▶ **Records from a data source**:
========================================================================

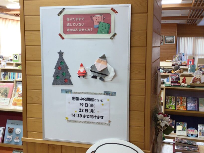 【図書室から】クリスマスムードたっぷりのディスプレイです。🎄冬休み前に本を選んでみるのはいかがですか?
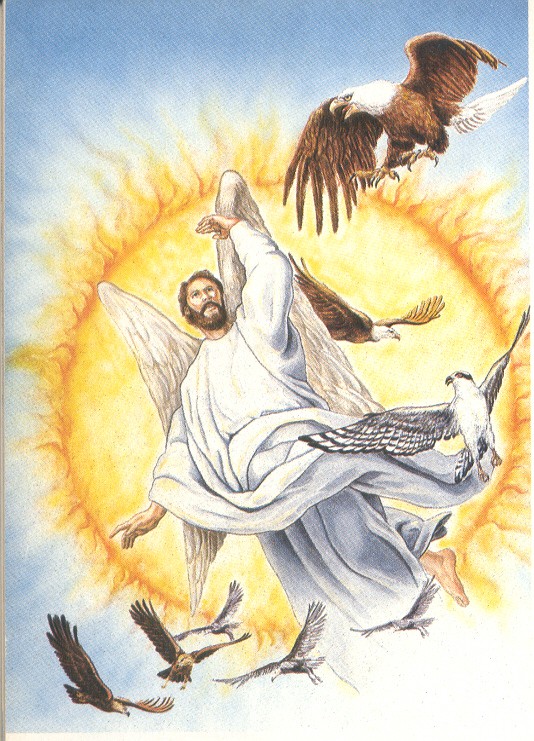 Άγγελος σφάζει όσους δεν είναι Μάρτυρες του Ιεχωβά. Με τέτοιες εικόνες «εκβιάζει» η Οργάνωση των ΜτΙ τους οπαδούς της, για να μην την εγκαταλείψουν. (Από το έντυπο της Οργάνωσης των ΜτΙ «Αποκάλυψη» σελ. 154)
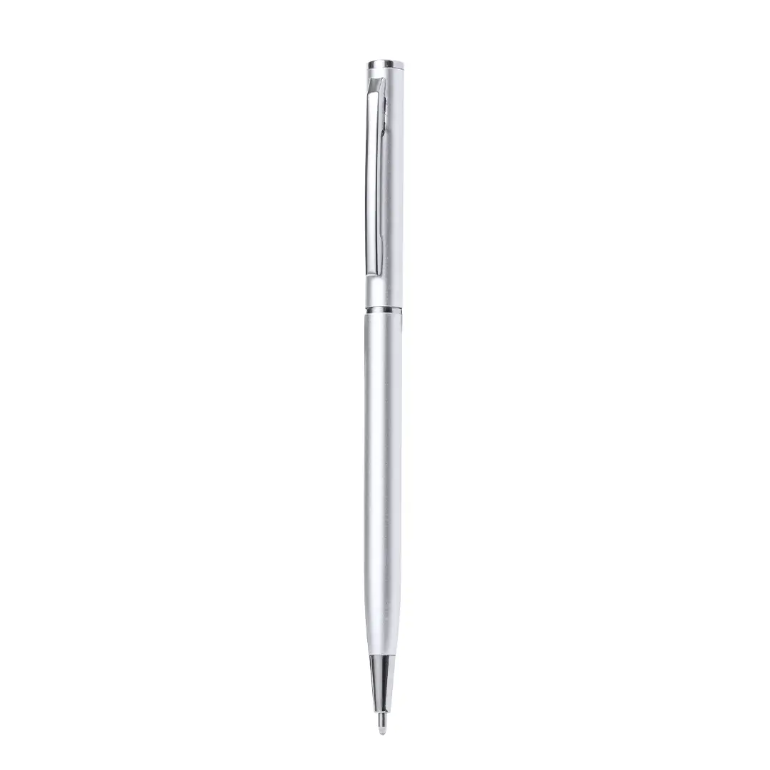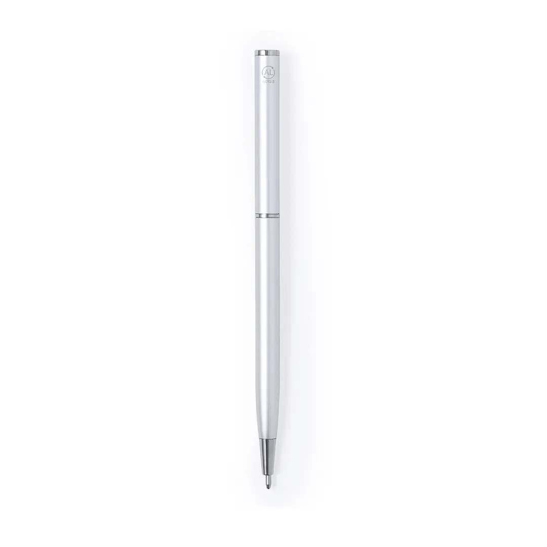 Bolígrafo con cuerpo de Aluminio Reciclado. Clip metálico y accesorios cromados. De mecanismo giratorio y de tinta azul. Con logotipo Aluminio Reciclado.El Aluminio Reciclado es un material con posibilidades de reciclaje casi infinitas, sin perder sus propiedades originales y consumiendo menos energía en este proceso.Certificación GRS (Global Recycled Standard / Estándar de Reciclaje Global), que garantiza el origen reciclado del material usado para fabricar el producto.
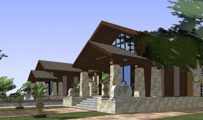 资料名字:Sketchup商业模型|多层售楼处,东南亚风格
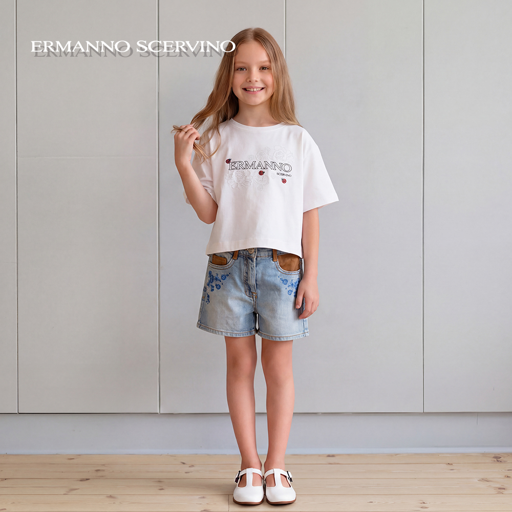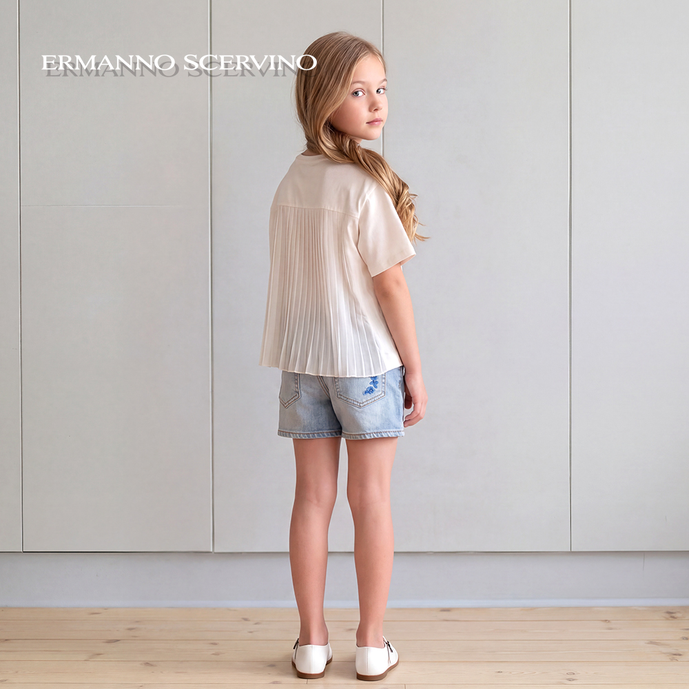 イタリアのラグジュアリーブランド ERMANNO SCERVINO(エルマンノ シェルヴィーノ) の、上品で可愛らしいキッズ用デニムショートパンツです。

========================================================================

▶ **TASK ITEM**:
Print the records above exactly as they stand, but leave out the pictures.

▶ **RESULT OF THE EXERCISE**:
 【図書室から】クリスマスムードたっぷりのディスプレイです。🎄冬休み前に本を選んでみるのはいかがですか?
 Άγγελος σφάζει όσους δεν είναι Μάρτυρες του Ιεχωβά. Με τέτοιες εικόνες «εκβιάζει» η Οργάνωση των ΜτΙ τους οπαδούς της, για να μην την εγκαταλείψουν. (Από το έντυπο της Οργάνωσης των ΜτΙ «Αποκάλυψη» σελ. 154)
 Bolígrafo con cuerpo de Aluminio Reciclado. Clip metálico y accesorios cromados. De mecanismo giratorio y de tinta azul. Con logotipo Aluminio Reciclado.El Aluminio Reciclado es un material con posibilidades de reciclaje casi infinitas, sin perder sus propiedades originales y consumiendo menos energía en este proceso.Certificación GRS (Global Recycled Standard / Estándar de Reciclaje Global), que garantiza el origen reciclado del material usado para fabricar el producto.
 资料名字:Sketchup商业模型|多层售楼处,东南亚风格
 イタリアのラグジュアリーブランド ERMANNO SCERVINO(エルマンノ シェルヴィーノ) の、上品で可愛らしいキッズ用デニムショートパンツです。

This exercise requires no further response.